Problem
Among the entries below, the lines from the one with "數字沙盤展示區所采用的Viv" up to and including the one with "in oro giallo" are to be restated exactly, without pictures.

Source data
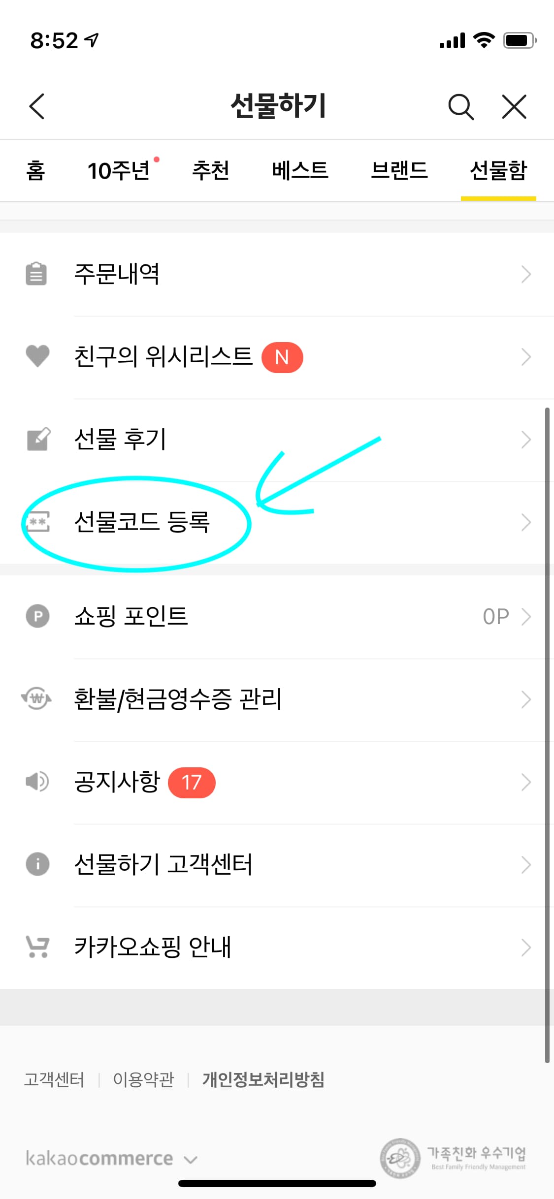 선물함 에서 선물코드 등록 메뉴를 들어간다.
--
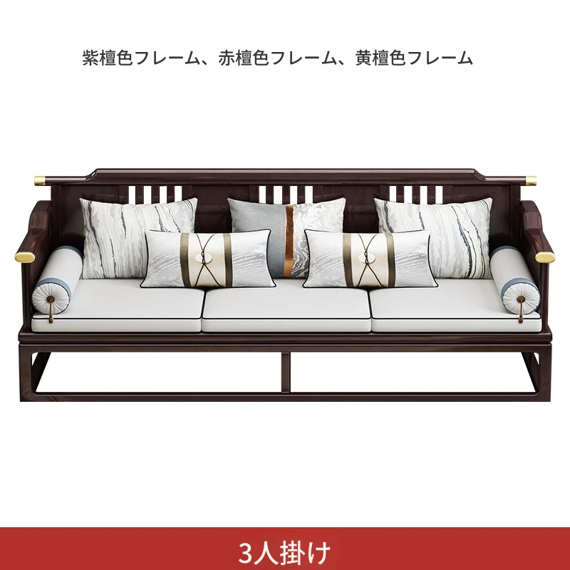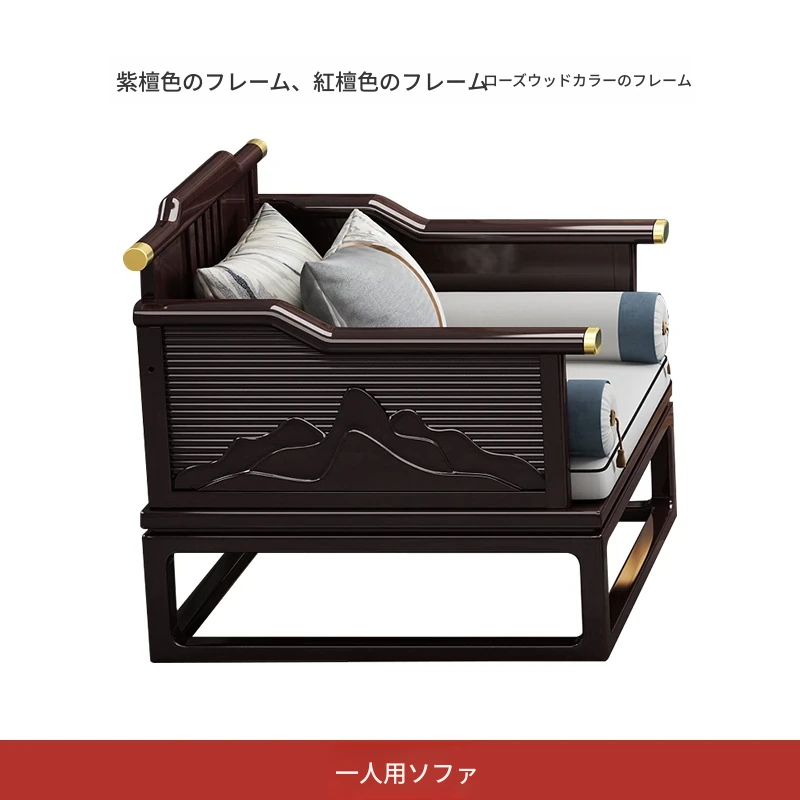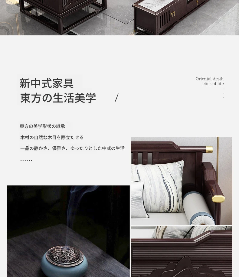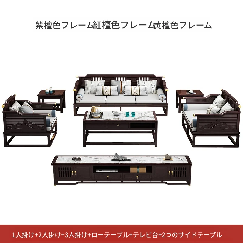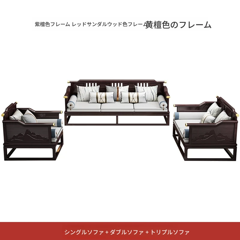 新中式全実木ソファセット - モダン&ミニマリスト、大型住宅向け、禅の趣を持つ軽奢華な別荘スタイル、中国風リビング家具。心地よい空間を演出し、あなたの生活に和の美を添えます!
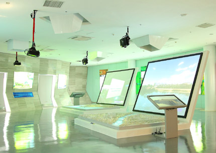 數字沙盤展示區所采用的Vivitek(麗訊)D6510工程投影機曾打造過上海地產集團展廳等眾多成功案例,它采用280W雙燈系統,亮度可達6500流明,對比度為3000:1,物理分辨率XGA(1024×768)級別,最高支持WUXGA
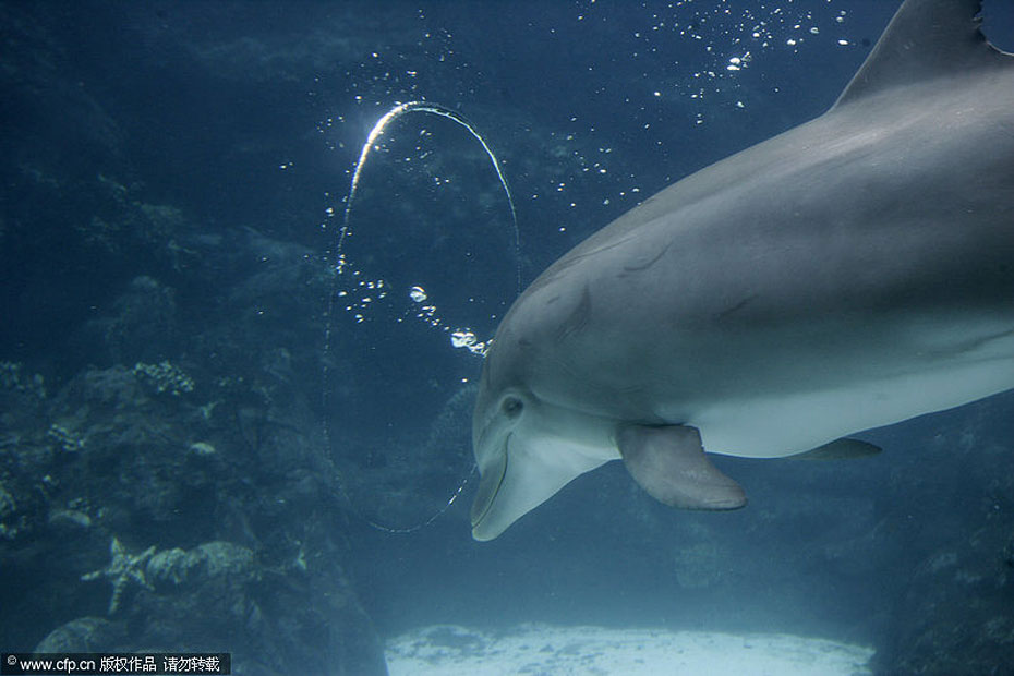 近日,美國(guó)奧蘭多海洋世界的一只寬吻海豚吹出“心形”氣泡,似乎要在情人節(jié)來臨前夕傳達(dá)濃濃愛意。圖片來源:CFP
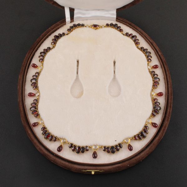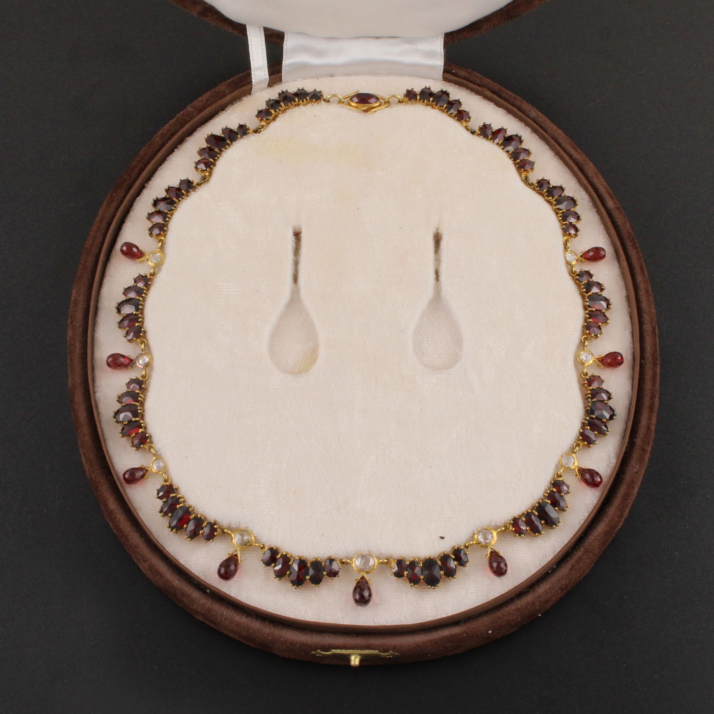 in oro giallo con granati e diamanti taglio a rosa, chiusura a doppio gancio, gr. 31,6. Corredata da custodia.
--
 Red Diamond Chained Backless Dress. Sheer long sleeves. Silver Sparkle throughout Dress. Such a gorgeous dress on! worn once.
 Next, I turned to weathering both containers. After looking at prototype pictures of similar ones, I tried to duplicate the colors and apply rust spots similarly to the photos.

Result of this task
 數字沙盤展示區所采用的Vivitek(麗訊)D6510工程投影機曾打造過上海地產集團展廳等眾多成功案例,它采用280W雙燈系統,亮度可達6500流明,對比度為3000:1,物理分辨率XGA(1024×768)級別,最高支持WUXGA
 近日,美國(guó)奧蘭多海洋世界的一只寬吻海豚吹出“心形”氣泡,似乎要在情人節(jié)來臨前夕傳達(dá)濃濃愛意。圖片來源:CFP
 in oro giallo con granati e diamanti taglio a rosa, chiusura a doppio gancio, gr. 31,6. Corredata da custodia.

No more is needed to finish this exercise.